Your objective> The answer must be an exact copy of the lines from the one with "The greyhound in" through the final line below, with no pictures and nothing else.

Extracted records:
• • • • •
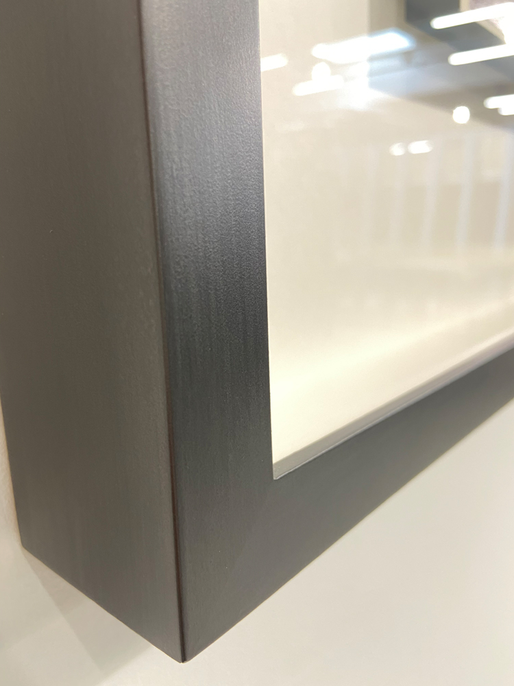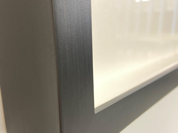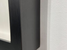 Floater frames, with prints mounted on honeycomb panels, edges covered with aluminium. Wooden frames with handmade Graphite finish, each frame took more than 20 hours of painting.
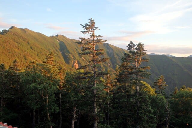 そして美しい夕暮れ。さっき通過した爺ヶ岳と種池小屋も見えてる
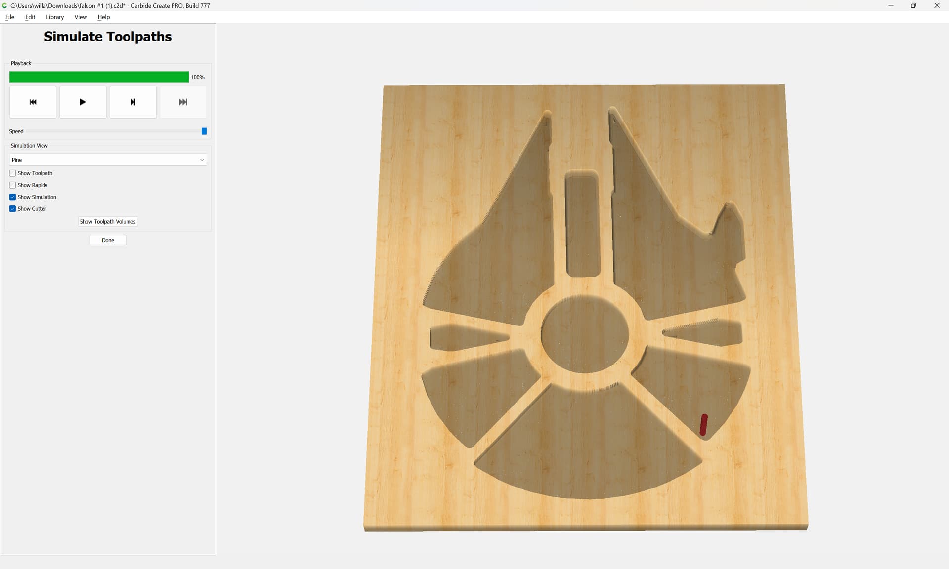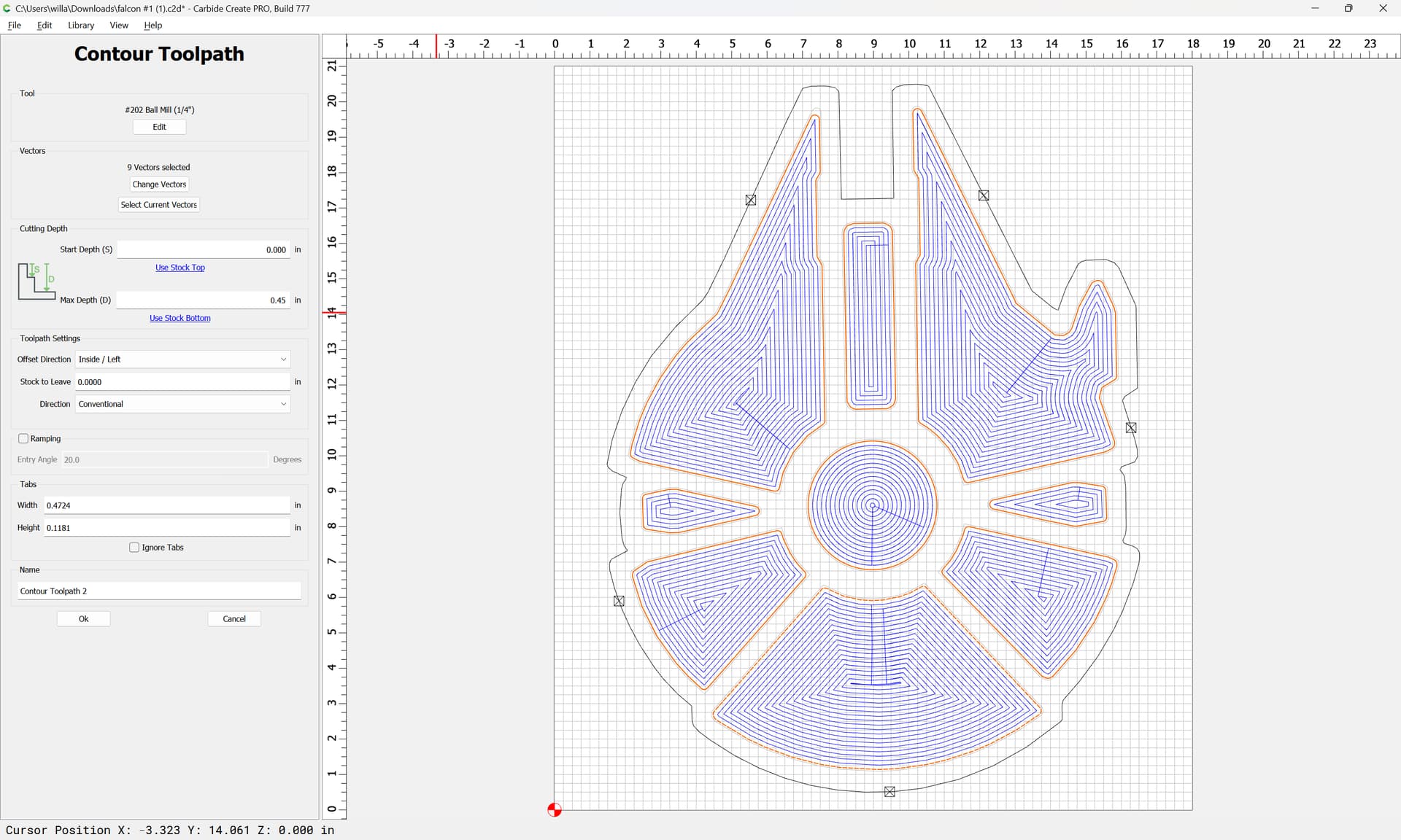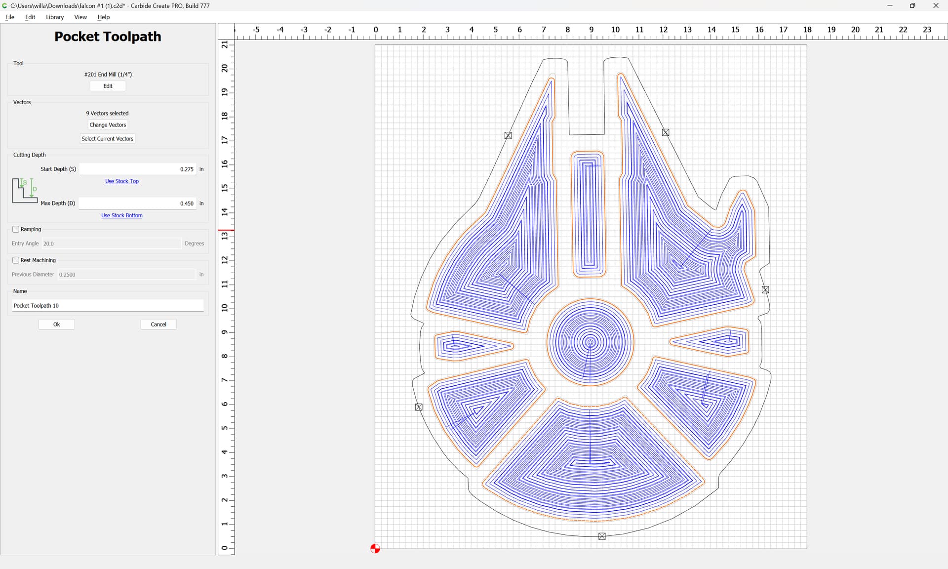 again, adjusting the Depth per Pass so as to ensure that the final pass removes a very thin thickness of material:
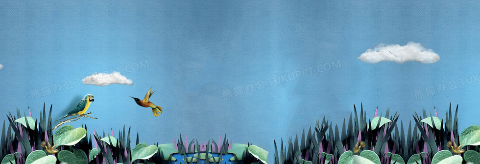 本作品内容为植物 鸟 白云 蓝色背景, 格式为 jpg, 图片尺寸为1920 x 659, 作品中背景图片无需修改, 源文件无水印,可以直接使用, 欢迎使用熊猫办公。 如认为平台内容涉嫌侵权,可通过邮件:tousu@tukuppt.com提出书面通知,我们将及时处理。
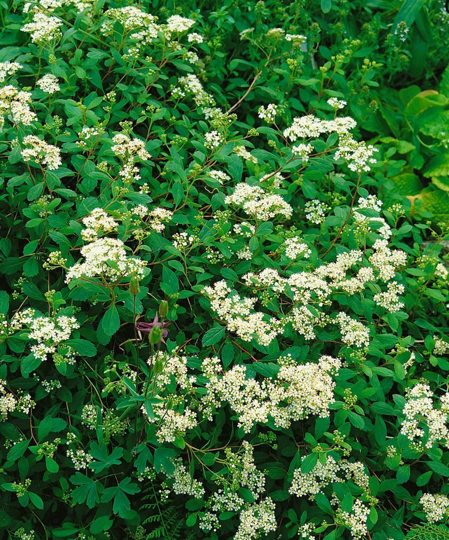 Reichbluehende Spiraea decumbens mit weissen Schirmrispen im Mai bis Juni zartes frischgruenes Laub dezente Herbstfaerbung
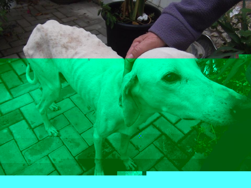 The greyhound in the photo is putting on weight and becoming more confident, he is waiting to be adopted x
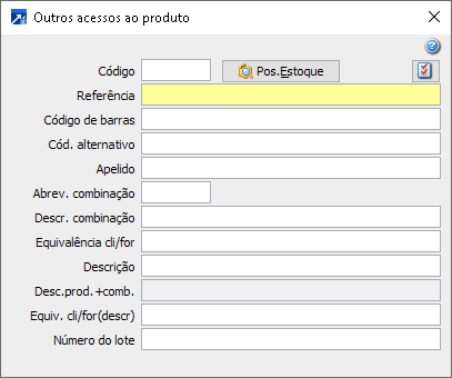 Outros acessos a cadastro de produto: Para acessar esta janela tecle F6 quando o cursor estiver posicionado em um campo de código de produto.
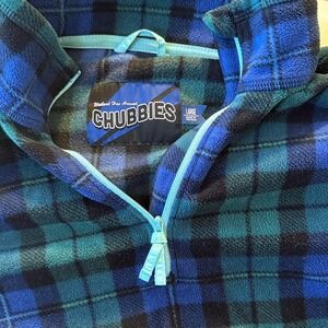 Chubbies plaid quarter zip pullover blue green men's large
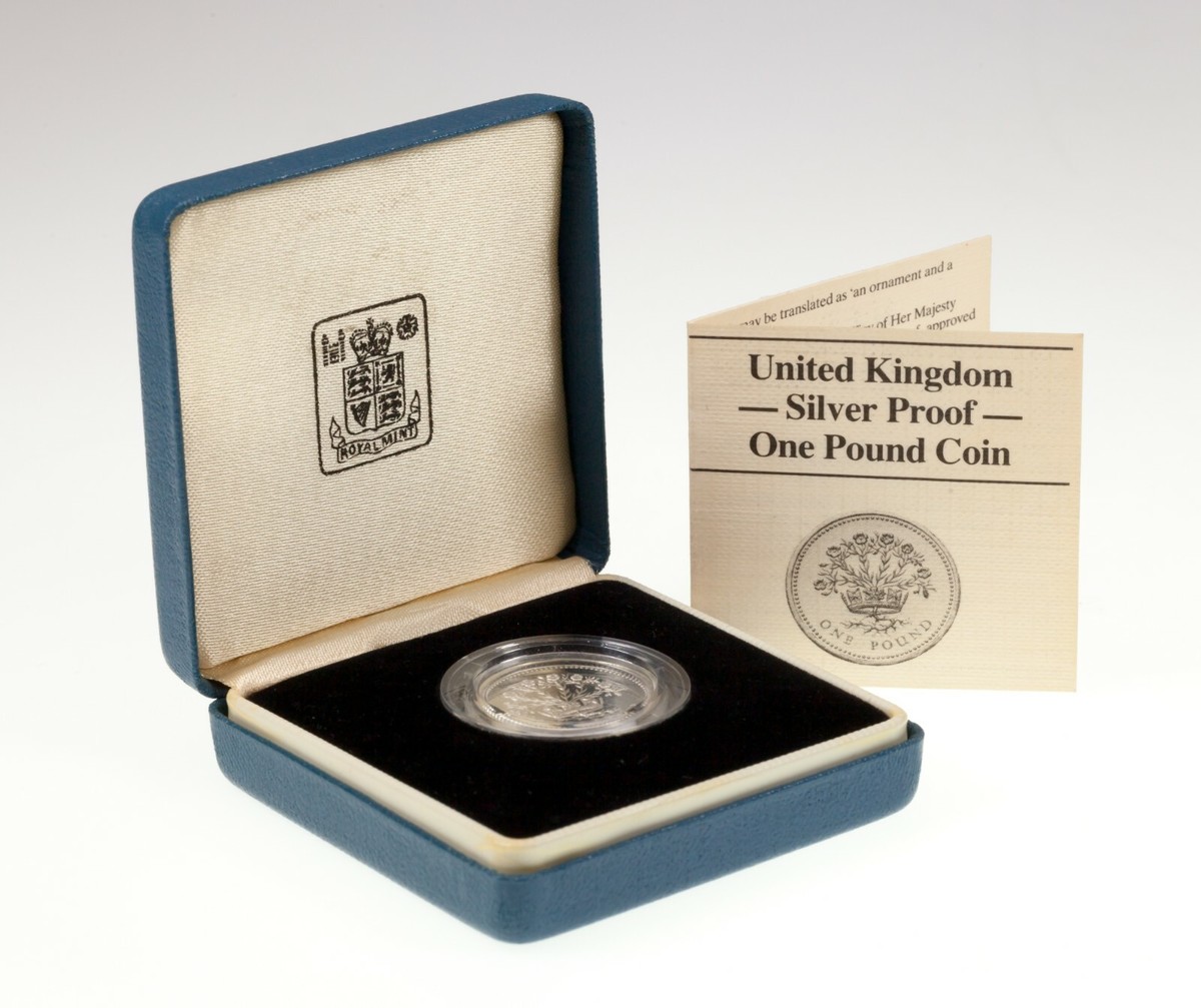 - 1984-1987 Great Britain 1£ Coins in Silver Proof or Piedfort Coin Lot of 4
• • • • •
Reply>
 The greyhound in the photo is putting on weight and becoming more confident, he is waiting to be adopted x
 Outros acessos a cadastro de produto: Para acessar esta janela tecle F6 quando o cursor estiver posicionado em um campo de código de produto.
 Chubbies plaid quarter zip pullover blue green men's large
 - 1984-1987 Great Britain 1£ Coins in Silver Proof or Piedfort Coin Lot of 4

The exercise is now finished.